▸ Problem to work on
What you return must match, exactly, the lines running from the one containing "中秋节,是中国的传统佳节,更" to the end of the data, both included, and must contain no pictures.

▸ Supplied information

————

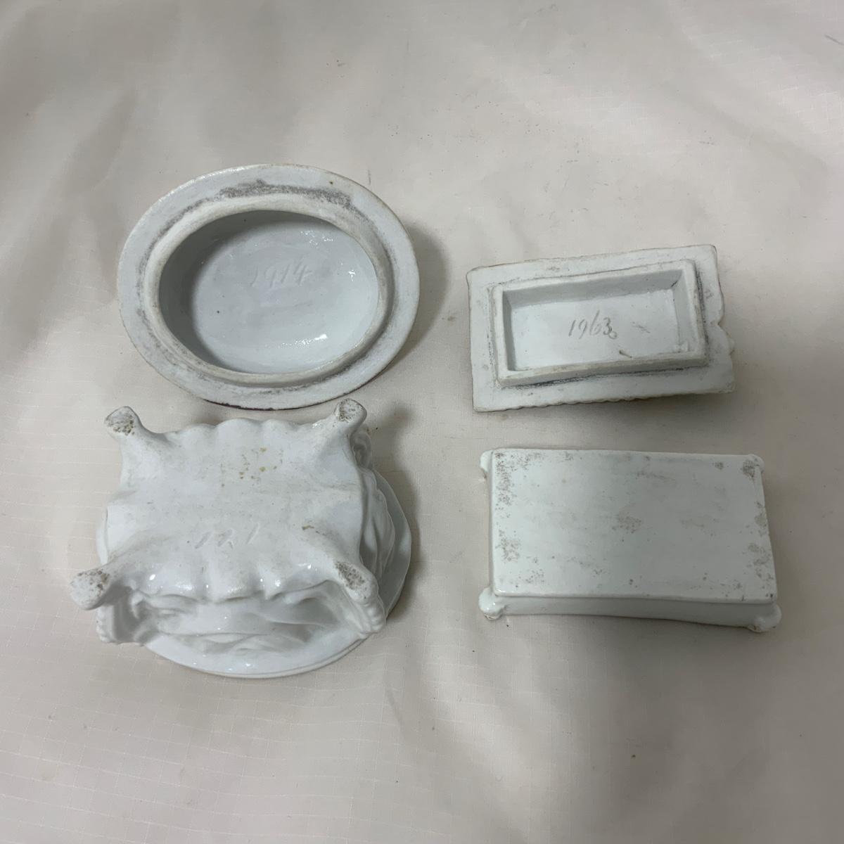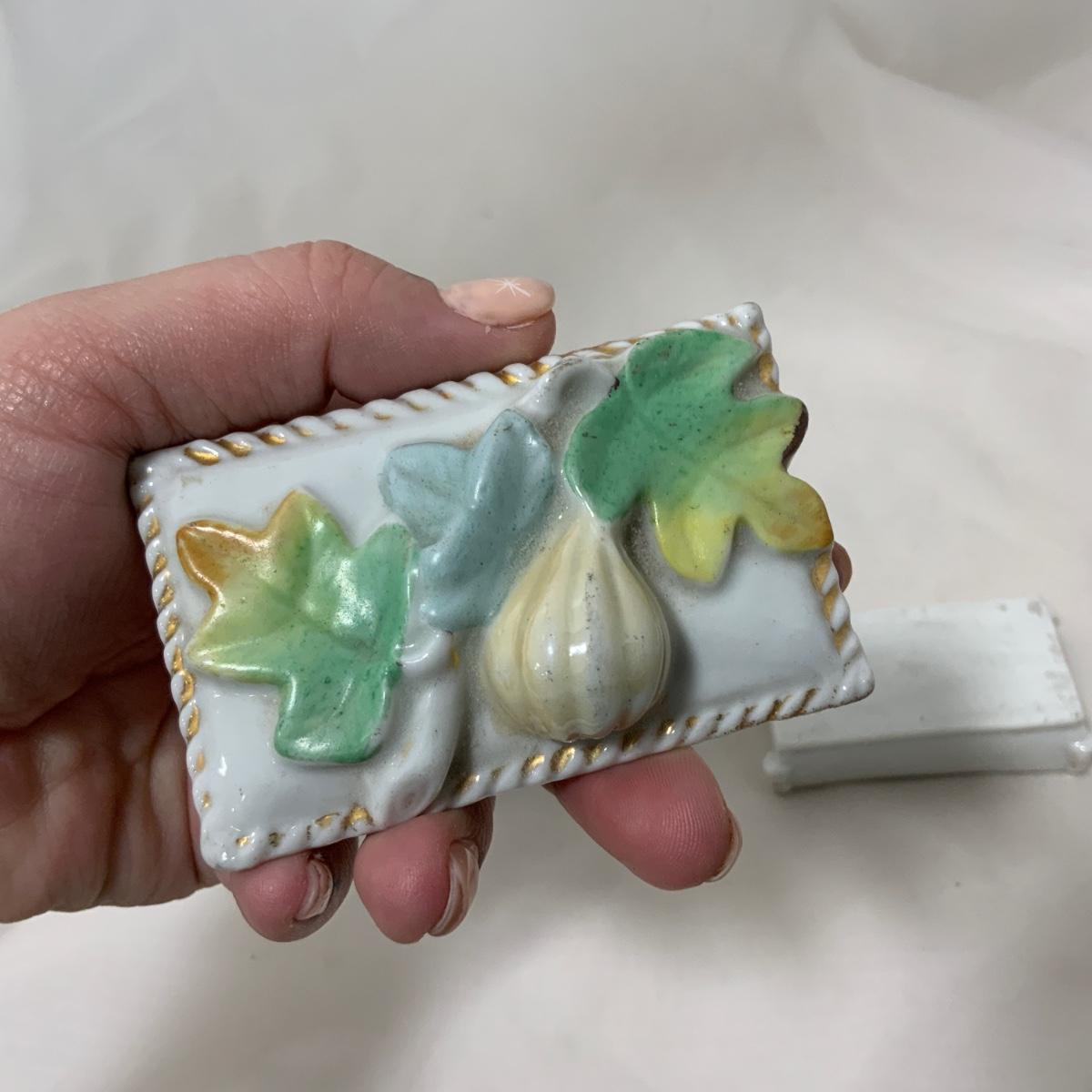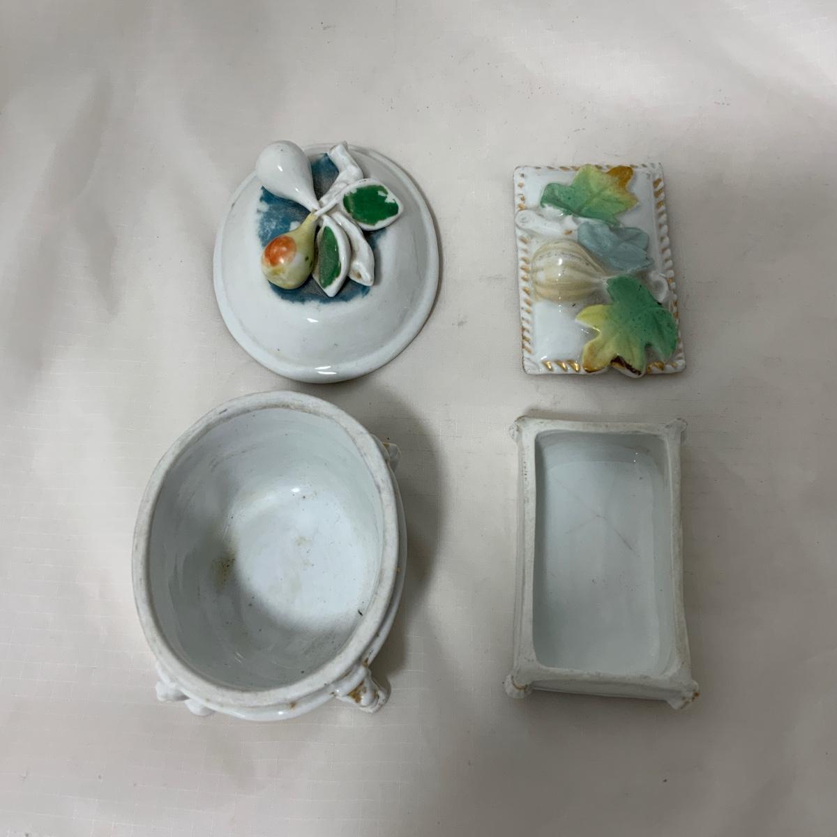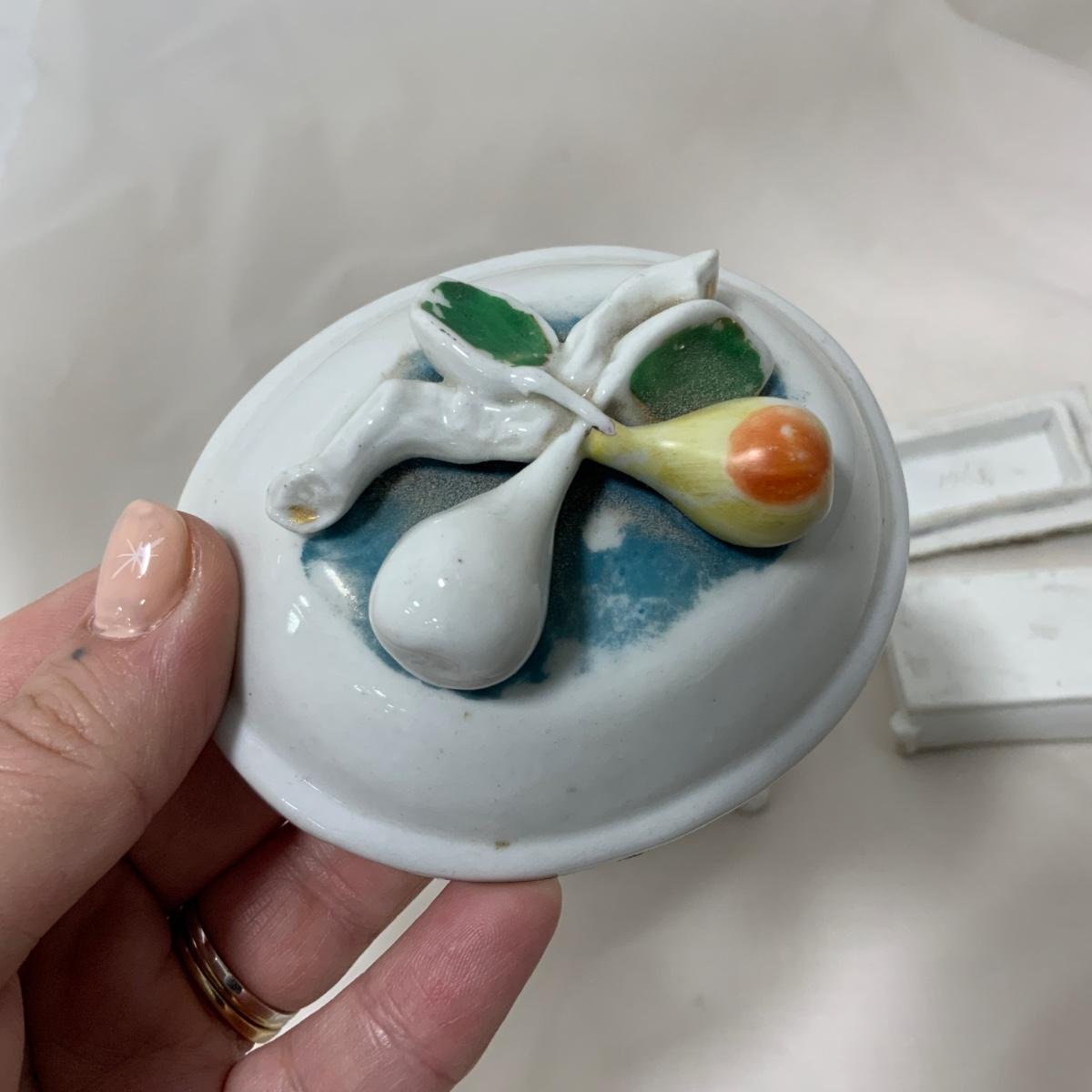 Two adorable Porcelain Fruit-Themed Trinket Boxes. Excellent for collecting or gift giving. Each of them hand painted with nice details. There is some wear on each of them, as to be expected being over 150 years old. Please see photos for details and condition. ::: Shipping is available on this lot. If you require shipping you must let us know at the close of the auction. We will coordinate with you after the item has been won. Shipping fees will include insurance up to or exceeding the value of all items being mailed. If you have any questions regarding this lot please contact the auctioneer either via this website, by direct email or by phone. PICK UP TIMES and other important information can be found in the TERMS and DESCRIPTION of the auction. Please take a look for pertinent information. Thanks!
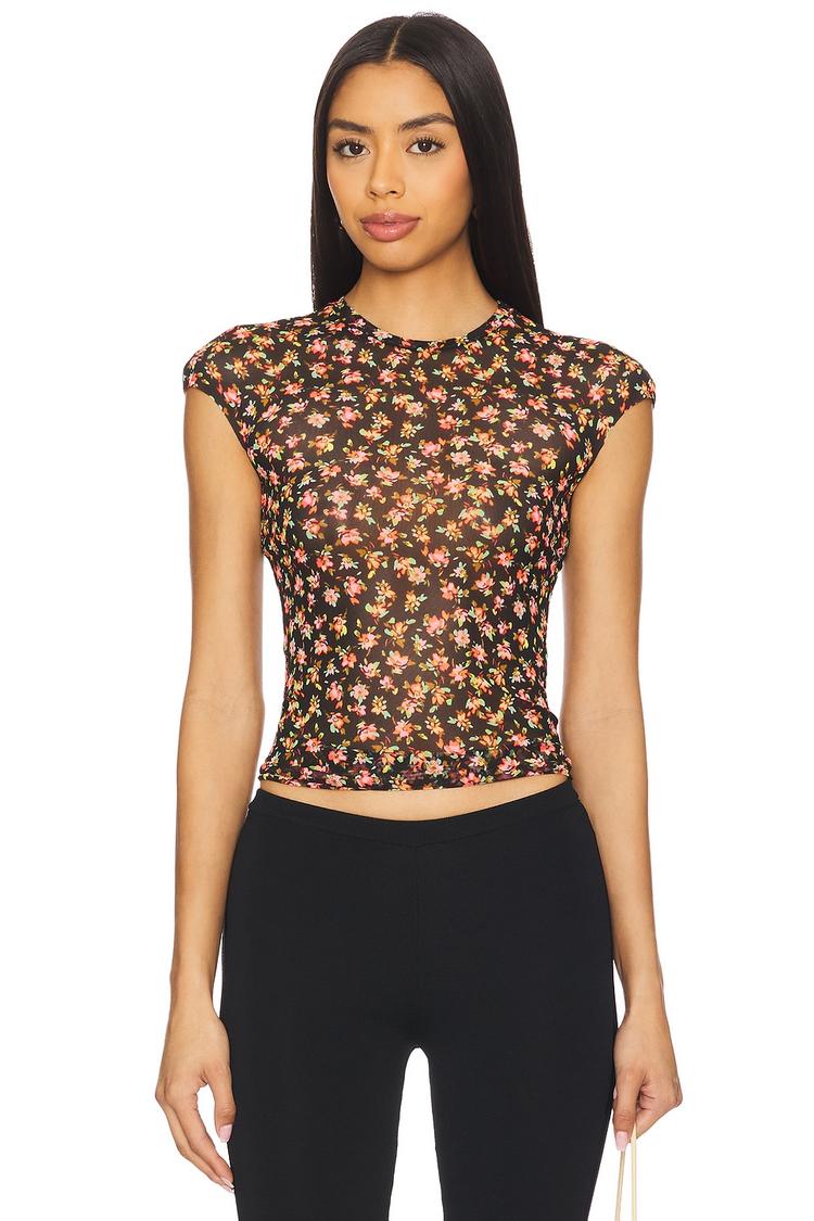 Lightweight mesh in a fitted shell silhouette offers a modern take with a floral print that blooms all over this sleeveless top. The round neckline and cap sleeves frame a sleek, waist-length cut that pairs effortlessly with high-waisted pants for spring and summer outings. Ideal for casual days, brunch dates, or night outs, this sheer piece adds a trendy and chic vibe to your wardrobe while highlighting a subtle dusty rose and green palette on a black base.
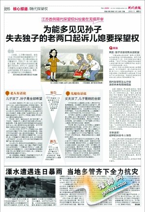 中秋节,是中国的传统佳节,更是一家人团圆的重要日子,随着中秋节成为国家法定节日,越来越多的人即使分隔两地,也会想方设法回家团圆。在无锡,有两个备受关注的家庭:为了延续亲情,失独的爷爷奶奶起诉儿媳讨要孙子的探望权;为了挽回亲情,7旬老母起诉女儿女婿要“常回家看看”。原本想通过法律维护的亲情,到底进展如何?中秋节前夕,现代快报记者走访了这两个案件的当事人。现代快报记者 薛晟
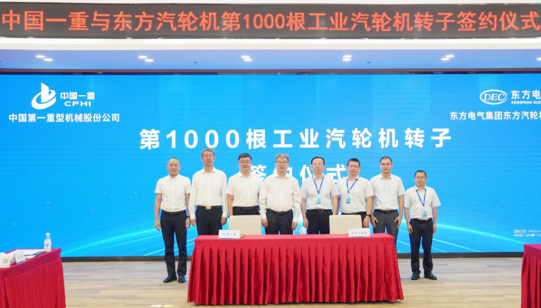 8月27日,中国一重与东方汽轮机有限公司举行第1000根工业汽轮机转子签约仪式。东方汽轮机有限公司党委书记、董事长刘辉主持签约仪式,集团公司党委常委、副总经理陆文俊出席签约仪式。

————

▸ Answer to the problem
 中秋节,是中国的传统佳节,更是一家人团圆的重要日子,随着中秋节成为国家法定节日,越来越多的人即使分隔两地,也会想方设法回家团圆。在无锡,有两个备受关注的家庭:为了延续亲情,失独的爷爷奶奶起诉儿媳讨要孙子的探望权;为了挽回亲情,7旬老母起诉女儿女婿要“常回家看看”。原本想通过法律维护的亲情,到底进展如何?中秋节前夕,现代快报记者走访了这两个案件的当事人。现代快报记者 薛晟
 8月27日,中国一重与东方汽轮机有限公司举行第1000根工业汽轮机转子签约仪式。东方汽轮机有限公司党委书记、董事长刘辉主持签约仪式,集团公司党委常委、副总经理陆文俊出席签约仪式。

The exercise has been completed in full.